Well, I wish there was no hurry. Although she is my cousin, the others are the sisters of those wild children, and one of them is my cousin's fiancee! ……

I ... came home black and blue, and my cousin went to my dad to complain that my knife was going to stab someone! ! ……

It never rains but it pours. Dad's slap hit like a tsunami: You stabbed someone when you told you to study? ……

I ... if my cousin didn't secretly apologize to me that night and give me fifty cents back, I would scold my cousin for three hours! !

Let him have no peace! ……

the second

1, my girlfriend has a twin sister, and she tries her best to coax her over, which is much more emotional than her sister. We dated for three days and often went out to play, but my girlfriend never noticed, so the date was maintained. When I went to her home for dinner that day, her mother said, "Jia Jia didn't make you suffer less. We are the only child who has been spoiled since childhood. "

2. Before dying, an old lady took her wife's hand and repented: "Grandpa, let me tell you the truth. None of our three sons is yours. "

Hearing this, the old man comforted his wife and said, "Nothing. Although my three sons are not mine, my three grandchildren are definitely mine ... "
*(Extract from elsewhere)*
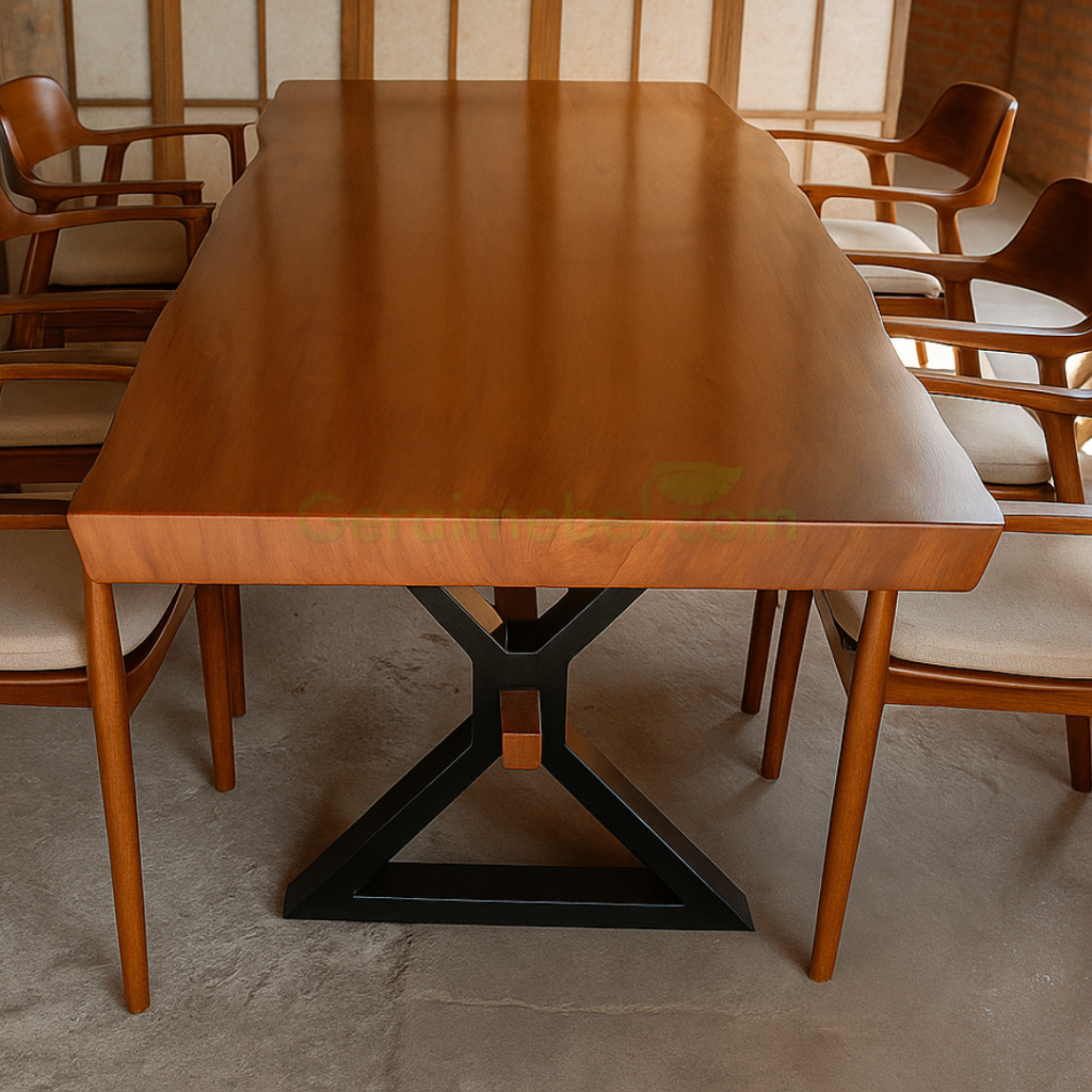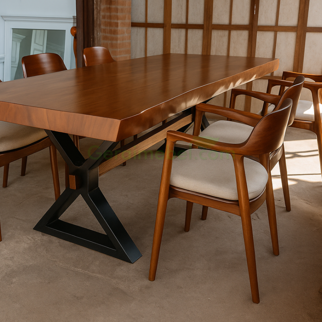 Gambar di atas memperlihatkan kombinasi sempurna antara kekuatan desain modern dan pesona alami kayu solid. Permukaannya halus, tebal, dan memiliki pinggiran alami (live edge) yang mempertegas kesan alami tanpa kehilangan nuansa kontemporer.

3. Teacher: "Students, the PE teacher is ill and can't come to class today, so PE is changed to math."

Xiao Ming: "Teacher, what does a PE teacher look like? We have never seen it before? "

Teacher: "Get out. . . "

4. Teacher: Do you know why cars and people have to drive on the right?

Xiaoming: Because the Bodhisattva protects the right!

Teacher: Get out! ! !

You certainly don't know that there is a man in China who has many roles and great power.
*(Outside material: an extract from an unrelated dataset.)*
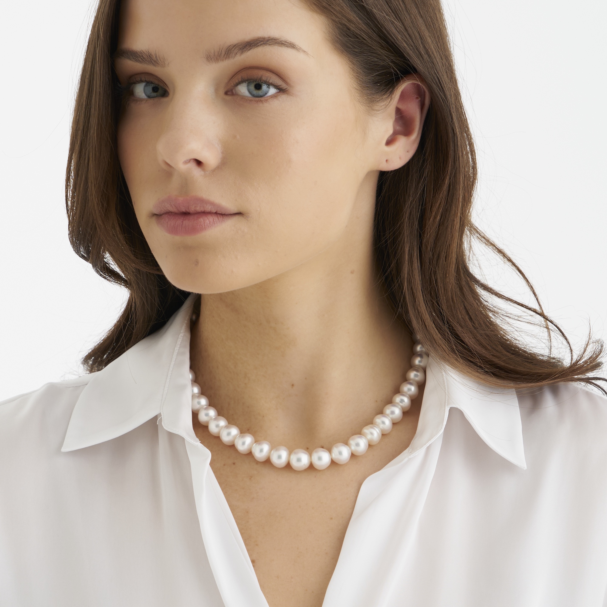 Comprising forty-two semi-baroque pearls measuring approximately 9.0mm to 12.0mm, with feature collet-set brilliant-cut diamond to one pearl, completed by a concealed spring loaded clasp, length 440mm.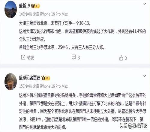 籃球記者賈磊發(fā)文點(diǎn)評:

This man's surname is Jiang, and his name is Jiang Qiao. Because-

Nanjing Yangtze River Bridge, Wuhan Yangtze River Bridge, Jiujiang Yangtze River Bridge, Wuhu Yangtze River Bridge.

6. Wife: "Son, eat quickly. Mom made it specially for you. It's not delicious when it's cold! "

Son: "Never mind, Mom. It's not delicious hot anyway. "

7. Teacher: Xiao Ming, what should you do when you grow up and fall in love?

Xiaoming: I went back to my daughter-in-law honestly when I was lovelorn.

Teacher: Get out. ...

8. My son came home trembling: "Dad, I only got 60 points in the exam today."

Dad is very angry: "Don't call me dad if you fail the exam next time!" " "

The next day, my son came back: "Sorry, brother!" " "

9. A friend went to see a young lady and lit a cigarette. In order to avoid embarrassment, he wanted to talk to her and asked, "Does your family know about this?"

Miss: "Does your family know that you came out to fuck me?"

10, Teacher: Students, what do you mean by using less books?

Xiao Ming: MD, a schoolbag is only 5 yuan, which is not enough for one night.